A common exercise to help train the artist’s eye is to enlarge the image of a photograph by using a grid method wherein a picture is sectioned off. A corresponding larger piece of art paper or canvas is similarly sectioned off in proportion, simply larger. Then the student-artist concentrates on one square at a time noting where the line(s) meet the edge of the square and then focus on details that may have been glossed over before that time of careful observation.
Working on a grid slows us down! Like it or not we have to really observe each little line and how they interact with other lines in order to recreate the image in a larger format.
There are many details in life we tend to gloss over until we slow down and really observe. Yes little things are often the big things as they say. Those little nuances can have a mighty effect over the whole.
Sometimes life’s boundaries and grids, annoying as they can be, can help us more than we can imagine.

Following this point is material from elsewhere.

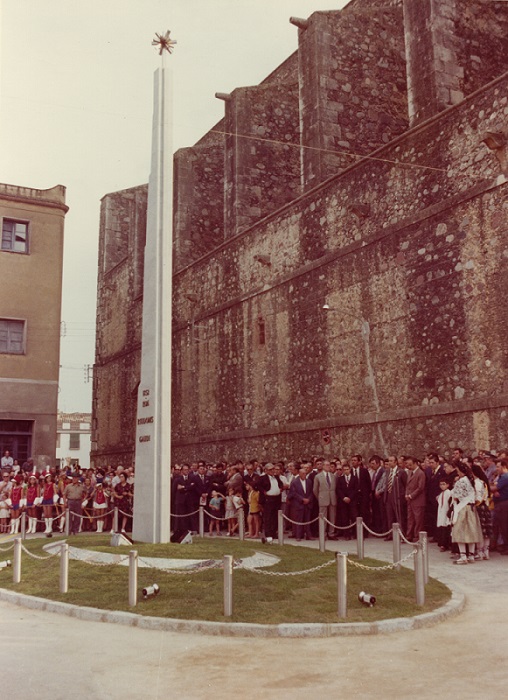 Les imatges que recupera l’Arxiu de la Diputació de Tarragona, obra del fotògraf tarragoní Chinchilla, immortalitzen aquesta commemoració que es desenvolupà a la Plaça Arnau de Palomar, just en un lateral de l’Església de Sant Jaume, on es va ubicar l’esmentat monument. Els encarregats de presidir-lo foren l’aleshores alcalde de Riudoms, Lluís Torrell, i el president de la Diputació de Tarragona en aquella època, Josep Clua, així com d’altres autoritats de la comarca.

A grid study can point out quickly that we are pouring our energies into the wrong area. The picture, as nice as it may be, may simply be started in the wrong place, and if we continue ignoring the yellow lights that the boundaries provide, the picture will never come up to our high expectations.

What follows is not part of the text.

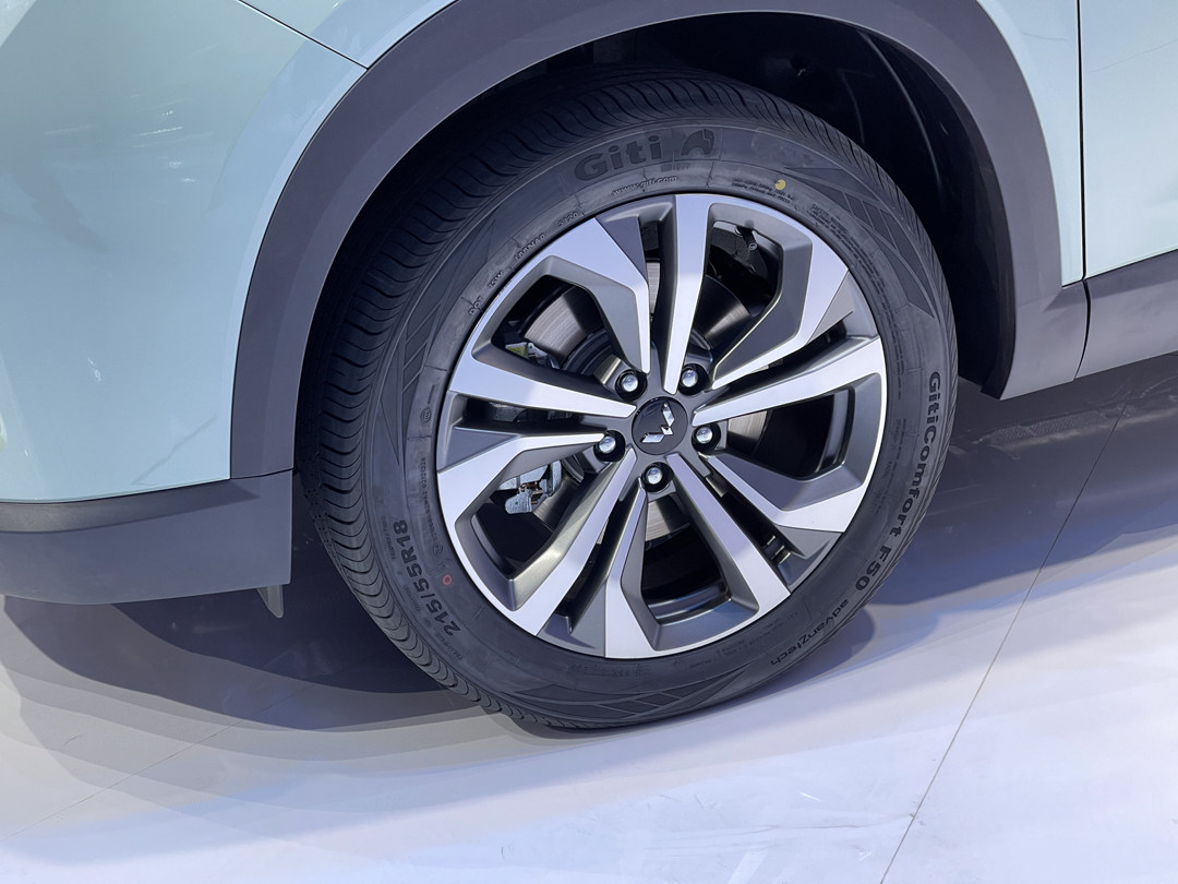 轮胎使用215/55 R18的佳通ComfortF50 advanztech轮胎,轮胎主打静音耐磨,市场价格大约800元/条。18英寸的双色轮毂视觉效果不错,亮银色和灰色的搭配配合上中央银色五菱logo,高级感和实用性做到不错的平衡。

So what do we really learn from the boundaries and grids of life? In a piece of art we learn that the careful observation of a subject is worthwhile because we not only learn how to render that particular image with increased accuracy, we gain knowledge that will help us on our next artistic endeavor.
Similarly, in life we learn that sometimes those ‘boundaries’ and ‘grids’ that are imposed upon us and appear to be just blocking our way from our goals – really are useful instruments that point to some little things that may need an extra look.

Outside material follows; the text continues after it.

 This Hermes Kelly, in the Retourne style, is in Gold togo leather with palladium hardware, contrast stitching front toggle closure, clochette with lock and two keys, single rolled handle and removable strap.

A year ago I changed careers and then life met me with a series of grids that I never could have predicted. It has not been an easy year, but I sure have learned a great deal about pictures and more importantly about life from slowing down and considering what is truly important. I found myself doing lots of projects and tasks that I didn’t have to deal with when life was fast-paced and seemingly productive. But the boundaries and grids placed before me became a framework on which to climb on and grow. Even though I would prefer not to have to deal with those encumbrances, I cannot deny that they have helped to reproduce a larger life than I ever could have imagined. By taking one square at a time and slowing down and really focusing on one line at a time I learned, and am learning, to persevere until the image becomes complete.
Do you have a boundary or grid before you in your art class or in your life? Don’t be discouraged. You are going to learn a lot! It will be worth it in the end!